See the latest version (4.11).
cribl.yml
cribl.yml contains settings for configuring API and other system properties.
$CRIBL_HOME/default/cribl/cribl.yml
api: # [object]
host: # [string] Address to bind to. Defaults to 0.0.0.0.
port: # [number] Port to listen to. Defaults to 9000.
retryCount: # [number] Number of times to retry binding to API port. Defaults to 120.
retrySleepSecs: # [number] Period, in seconds, between consecutive port binding retries. Defaults to 5.
baseUrl: # [string] URL base path from which to serve all assets (useful when behind a proxy).
disabled: # [boolean] Flag to enable/disable local UI access.

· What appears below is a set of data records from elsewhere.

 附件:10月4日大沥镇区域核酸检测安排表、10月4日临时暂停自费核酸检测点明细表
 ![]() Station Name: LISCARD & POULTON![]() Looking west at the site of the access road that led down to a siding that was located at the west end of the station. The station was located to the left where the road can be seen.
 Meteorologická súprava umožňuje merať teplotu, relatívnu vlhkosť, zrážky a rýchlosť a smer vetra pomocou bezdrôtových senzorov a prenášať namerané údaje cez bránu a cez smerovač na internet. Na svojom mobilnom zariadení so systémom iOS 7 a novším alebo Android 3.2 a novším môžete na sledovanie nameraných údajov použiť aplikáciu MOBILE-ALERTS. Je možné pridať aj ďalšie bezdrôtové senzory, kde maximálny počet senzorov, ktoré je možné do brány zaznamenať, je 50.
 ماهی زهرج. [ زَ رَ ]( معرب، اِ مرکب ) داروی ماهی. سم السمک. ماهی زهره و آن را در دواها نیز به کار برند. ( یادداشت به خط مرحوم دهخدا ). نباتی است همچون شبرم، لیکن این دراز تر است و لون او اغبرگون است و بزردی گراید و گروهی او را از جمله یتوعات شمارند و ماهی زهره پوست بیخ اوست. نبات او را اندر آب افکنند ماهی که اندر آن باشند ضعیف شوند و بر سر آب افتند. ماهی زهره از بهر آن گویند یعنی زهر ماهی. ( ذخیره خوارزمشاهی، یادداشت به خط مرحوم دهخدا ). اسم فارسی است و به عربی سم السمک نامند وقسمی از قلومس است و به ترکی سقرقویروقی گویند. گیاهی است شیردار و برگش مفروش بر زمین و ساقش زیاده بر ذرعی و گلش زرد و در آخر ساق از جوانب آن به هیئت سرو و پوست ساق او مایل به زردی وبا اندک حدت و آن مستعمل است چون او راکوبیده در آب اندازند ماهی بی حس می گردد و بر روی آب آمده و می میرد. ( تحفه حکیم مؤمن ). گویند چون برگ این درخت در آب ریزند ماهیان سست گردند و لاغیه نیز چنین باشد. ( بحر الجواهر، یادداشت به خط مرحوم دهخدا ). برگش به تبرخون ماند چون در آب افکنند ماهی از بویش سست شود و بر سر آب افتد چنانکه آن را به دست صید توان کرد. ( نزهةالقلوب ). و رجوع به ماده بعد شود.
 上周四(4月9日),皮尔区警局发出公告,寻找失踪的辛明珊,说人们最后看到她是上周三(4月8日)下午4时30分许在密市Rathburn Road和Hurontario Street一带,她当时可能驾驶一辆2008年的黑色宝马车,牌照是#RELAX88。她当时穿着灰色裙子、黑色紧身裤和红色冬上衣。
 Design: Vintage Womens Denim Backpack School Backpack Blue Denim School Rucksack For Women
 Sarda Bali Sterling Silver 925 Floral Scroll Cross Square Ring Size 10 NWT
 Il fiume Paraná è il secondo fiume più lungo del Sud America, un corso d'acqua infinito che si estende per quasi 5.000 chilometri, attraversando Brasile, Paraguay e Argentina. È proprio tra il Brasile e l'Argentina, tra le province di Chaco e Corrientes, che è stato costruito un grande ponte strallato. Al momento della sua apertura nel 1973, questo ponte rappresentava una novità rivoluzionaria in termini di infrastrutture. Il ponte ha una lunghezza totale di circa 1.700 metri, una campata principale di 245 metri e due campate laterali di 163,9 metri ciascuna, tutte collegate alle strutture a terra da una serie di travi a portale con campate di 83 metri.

Defaults to false.
workerRemoteAccess: # [boolean] Enable teleporting to Worker Nodes'. Defaults to false.
revokeOnRoleChange: # [boolean] Log users out when their roles change. Defaults to true.

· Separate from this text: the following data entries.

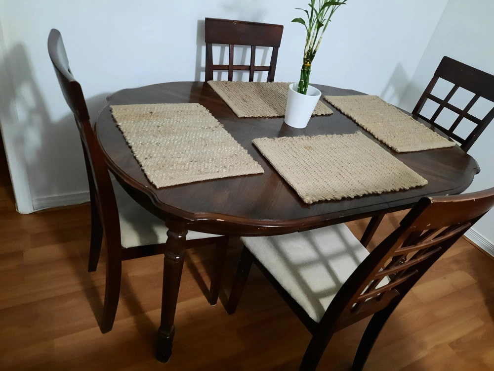 Dark brown wood dining table with four matching chairs. Oval table top. Minor wear and tear. Good for small spaces.
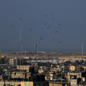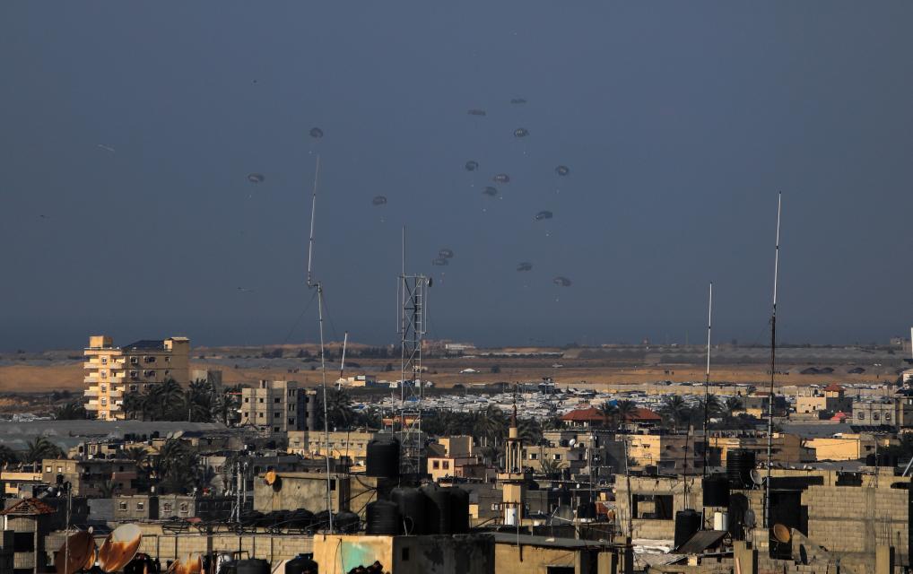 这是2月27日拍摄的向加沙地带空投的救援物资。约旦武装部队27日发表声明说,约旦皇家空军当天向巴勒斯坦加沙地带空投了一批救援物资。声明说,3架约旦皇家空军的飞机和3架分别来自阿拉伯联合酋长国、埃及和法国的飞机当天从位于约旦首都安曼的阿卜杜拉二世空军基地起飞,执行向加沙地带空投救援物资和食品的任务。新华社发(亚西尔·库迪摄)
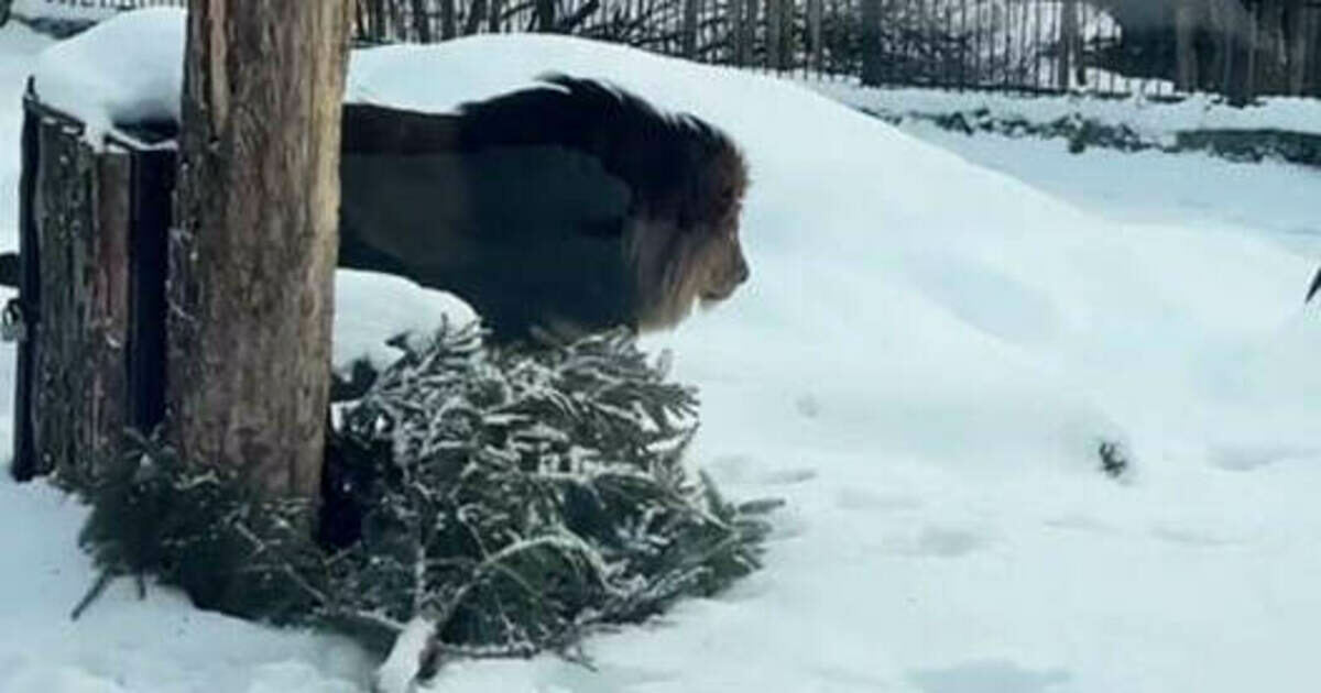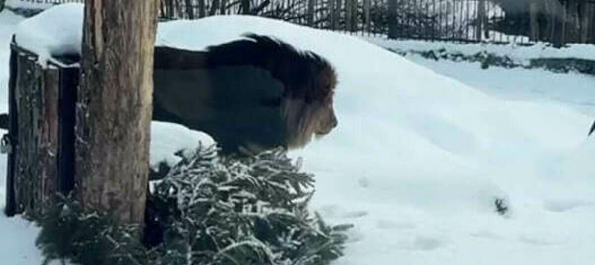 В Калининградском зоопарке показали гуляющего по снегу льва Тиграна. Видео опубликовала пресс-служба учреждения в среду, 14 января.
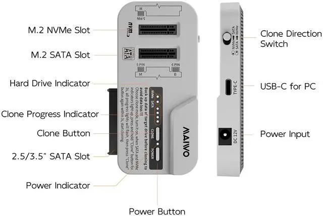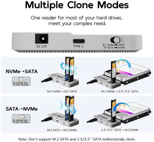 Bidirectional Offline CloneThis M.2 NVMe to SATA cloner supports multiple clone function: M.2 NVMe M.2 SATA; M.2 NVMe 2.5/3.5 SATA. Using one docking station, meet your complex need. Easily create exact, bit-by-bit copies of your drives without computer or any software and driver.Dont support M.2 SATA 2.5/3.5 SATA
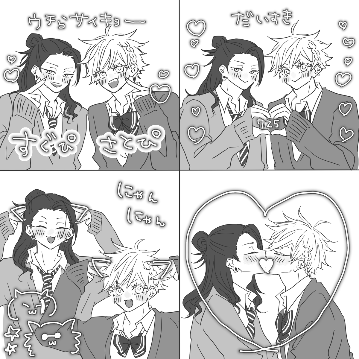 二期ヤッターヤッター!!興奮しすぎて真秋ちゃん(@march_jjt)とちぉるちゃん(@shuwa10melon)とエイミーで二期おめでとう突発絵チャしたよ✌🏻☺️✌🏻🖤🤍祝二期決定!楽しみだね😭💓
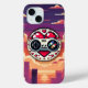 This pixel art-style mobile case features a nostalgic gaming theme. A retro-style video game controller is prominently displayed in the centre, surrounded by a ring of pixelated hearts. The controller sits against a backdrop of a vibrant sunset over a futuristic cityscape, with towering skyscrapers and a pixelated ocean. The words "PRESS START" are inscribed on the controller, adding to the gaming aesthetic.
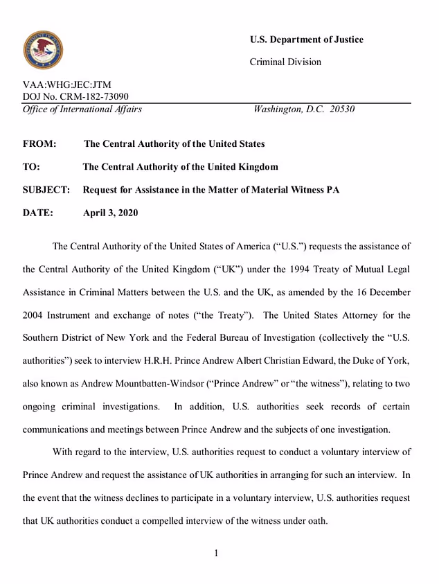 No caso de Andrew se recusar a ser entrevistado voluntariamente, a carta diz: ‘As autoridades dos EUA solicitam que as autoridades do Reino Unido conduzam uma entrevista forçada da testemunha sob juramento.’
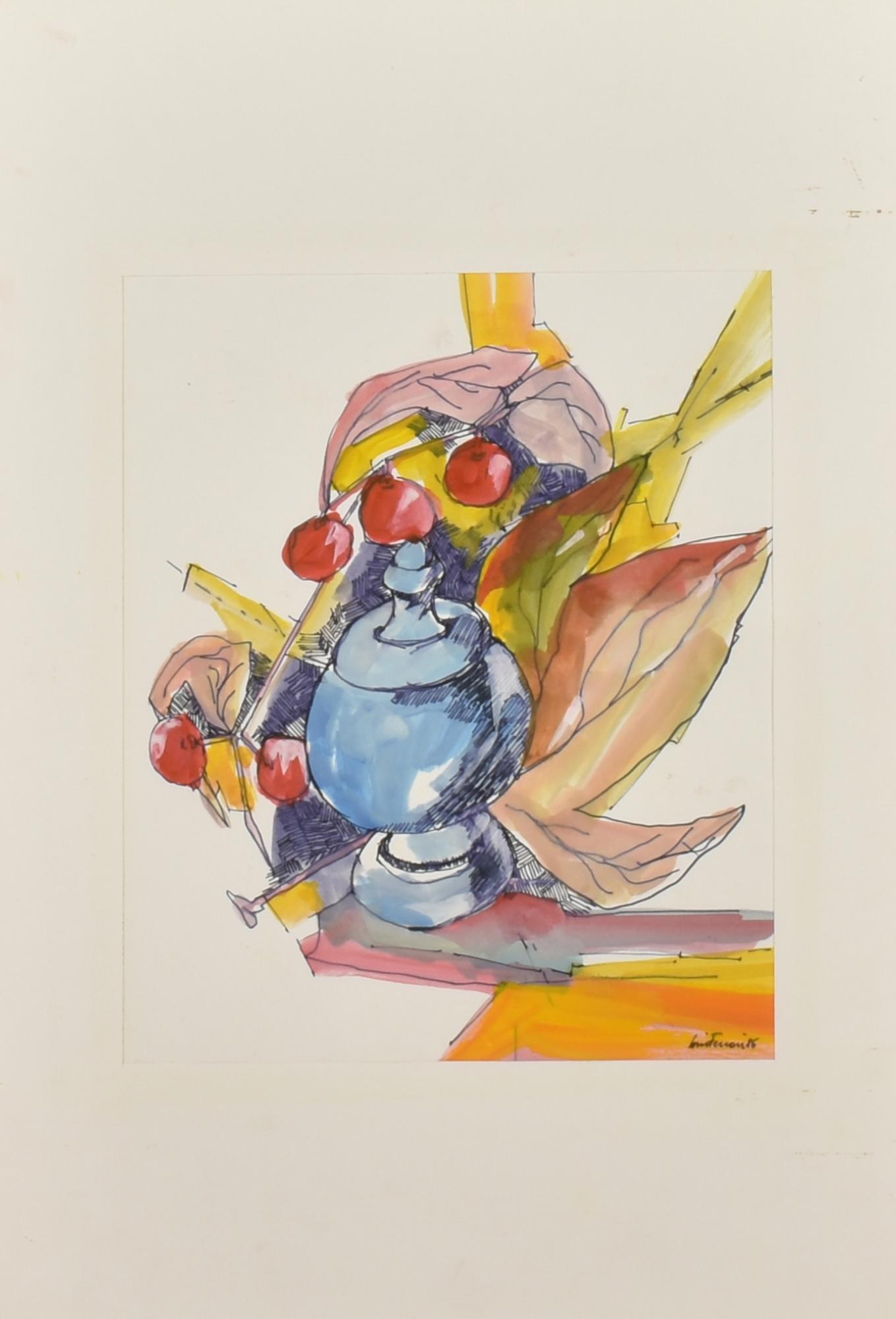 Loris Ferrari NATURA MORTA acquerello e china su carta, cm 30x25 firma e data...

authTokenTTL: # [number] How long (in seconds) authentication tokens remain valid. Default is 1 hr.; minimum is 1 sec.'
idleSessionTTL: # [number] How long (in seconds) Cribl Stream will observe no user interaction before invalidating user's session tokens. Default is 1 hr.; minimum is 60 sec.
headers: # [object] Custom HTTP headers to be sent with every response.
loginRateLimit: # [string] Rate limit, expressed as maximum number of requests per interval (second, minute, hour, day). E.g., 3/second, 5/minute.
ssoRateLimit: # [string] Rate limit for SSO and SLO callback endpoints. Expressed as maximum number of requests per second, minute, hour, or day, e.g., 3/second, 5/minute. When limit is reached, the Cribl Stream sends 429 Too Many Requests HTTP responses.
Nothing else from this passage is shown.